# Introducing cats and rats? - Tips and tricks



## smoteymote (May 28, 2016)

Hello! I was wondering about introducing cats and rats to one another and if anyone has both and how they handle that. My friend's cat totally babies the rats - when one of her rats had an accidental litter one of the babies escaped and the cat found her and brought her back to momma rat! Even now she chills with the rats and they all love her. 

On the other hand, another friend's cat stares hungrily at the cage all day and gets put out of the room when the rats are allowed to free-range roam. So obviously, some cats are going to be okay and others aren't. But what I'm hoping for this thread is for people to offer advice on how they did introductions and any precautions they take!

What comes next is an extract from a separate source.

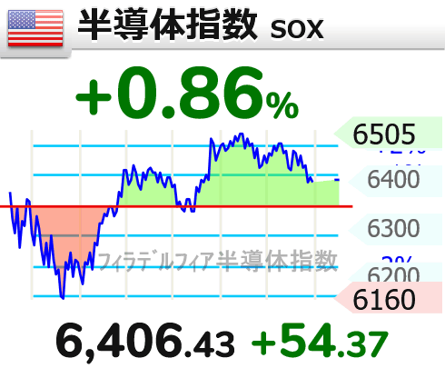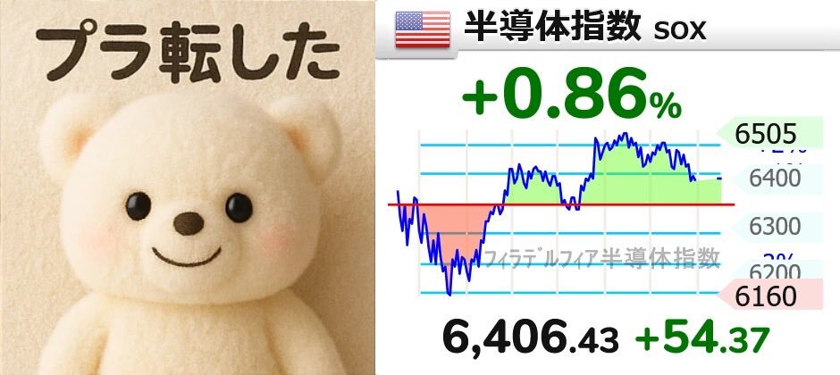 ⑥ 半導体・ハイテク❶:SOXとセクター全体💾 ・PHLX半導体指数(SOX):6,464前後(+約1.8%) 前日の▲4.8%急落のあと、さすがに売られすぎ感からの買い戻しかな。 とはいえ前日の下げを埋め切るには至らず、「一旦下げ止まり」の段階という感じです!
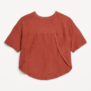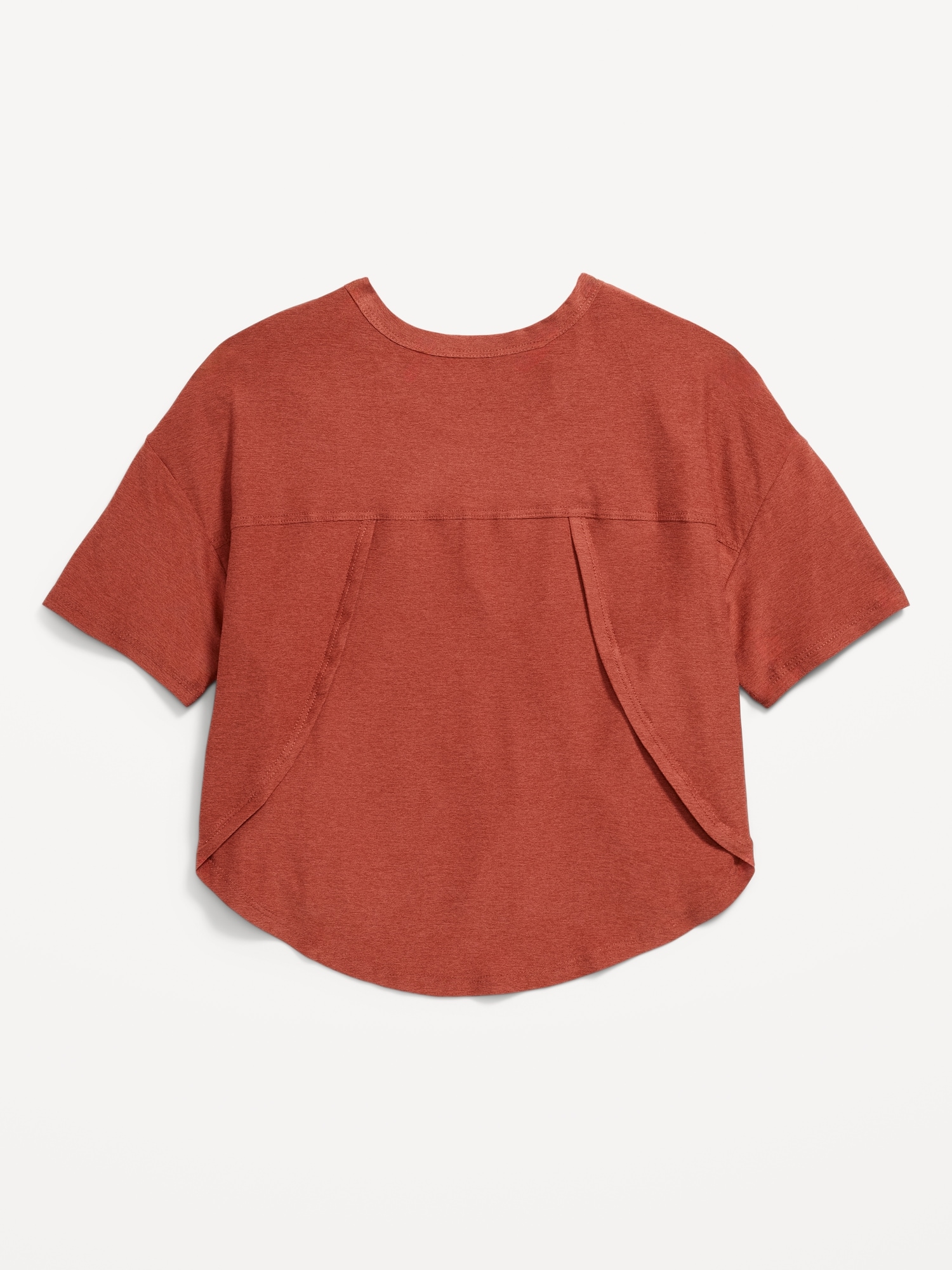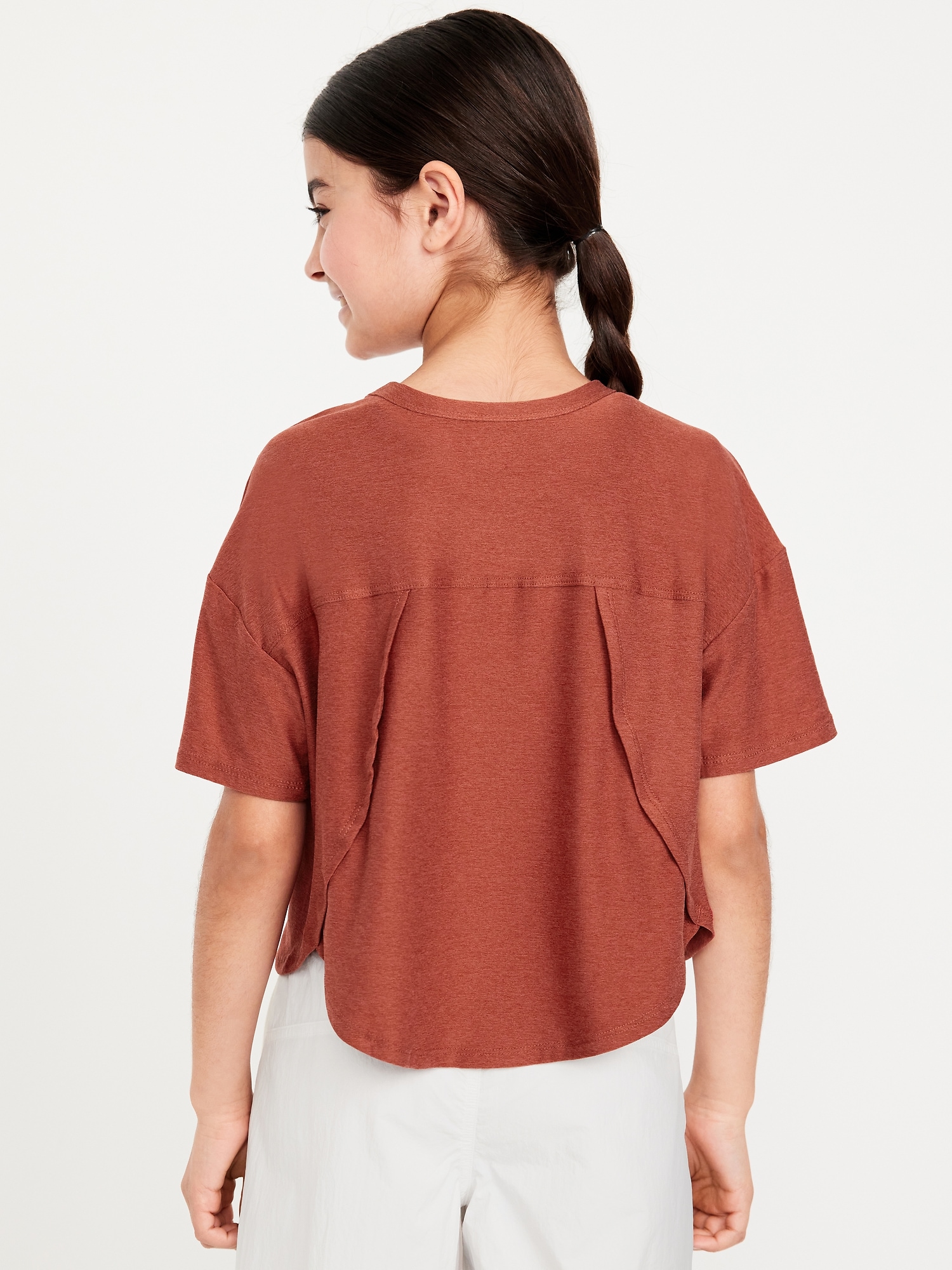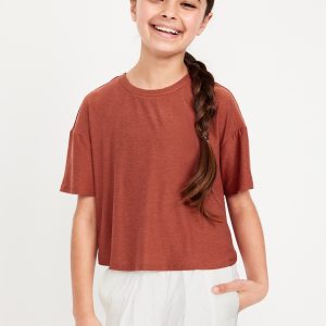 CloudMotion Cropped Performance T-Shirt for Girls: crew neck, short sleeves, drop shoulders, tulip hem, slightly cropped, #694626

Any advice is helpful and will hopefully also help prevent any tragic accidents from happening as well!

If people are interested this could become a sticky thread about introducing any other animal to rats (dogs, birds, ferrets, etc). If you have advice on those animals add it too and I'll change the title. 

(My apologies if this thread had already been made. Unfortunately, the search system won't allow you to search for words with 3 letters and I didn't see anything when I skimmed the forums. A link to those threads would be much appreciated if they already exist!)


----------



## Gribouilli (Dec 25, 2015)

Some cats are ok (for now) with rats. Meaning ANY cat, even the nicest cat, can turn around in a split second and decide to kill a rat. I have no advice on intro, but my advice is to never ever trust a cat around rats. Only in Disney's Zootopia, cats are always friendly with rats. Also rats can inflict very serious bites to a cat, they are acting like any wild rat would when cornered by a deadly predator.


----------



## smoteymote (May 28, 2016)

Gribouilli said:


> Some cats are ok (for now) with rats. Meaning ANY cat, even the nicest cat, can turn around in a split second and decide to kill a rat. I have no advice on intro, but my advice is to never ever trust a cat around rats. Only in Disney's Zootopia, cats are always friendly with rats. Also rats can inflict very serious bites to a cat, they are acting like any wild rat would when cornered by a deadly predator.


Oh I would definitely never leave them alone! I'm more curious about how to go about introducing them. I suspect that if they know one another better that they'll be less likely to start **** with each other. I could be totally wrong of course but I don't want anyone to get injured which is why I wanted to ask to see if anyone had some good tips and tricks.


----------



## Nieve5552 (May 20, 2014)

I think that introducing rats to any predator animals are dangerous, no matter how tame or domesticated they are. 
As you said, it depends on the cat, so my thought is that with a cat (or any other animal) that is iffy with potentially attacking rats, no amount of amazing tips or tricks would help the introduction be as safe as it should be. With a case like your first mentioned friend, the cat's intro to rats in a reliably-measurable way occurred accidentally (with the cat finding the escaped baby) and using that incident, the cat can be trusted. Otherwise, I wouldnt go about trying to purposefully introducing predator animals to their prey- the risk is just too high. 
Also some people might not be able to read their predator pet's body language very well- again, in cases like this no matter how much tips and tricks there are the risk to the rat's life cannot be eliminated at all.


----------



## moonkissed (Dec 26, 2011)

I definitely do not think introducing mixed species is something we should encourage at all.

For every sweet adorable story about them being BFFs there is probably a hundred more where it did not go well.... 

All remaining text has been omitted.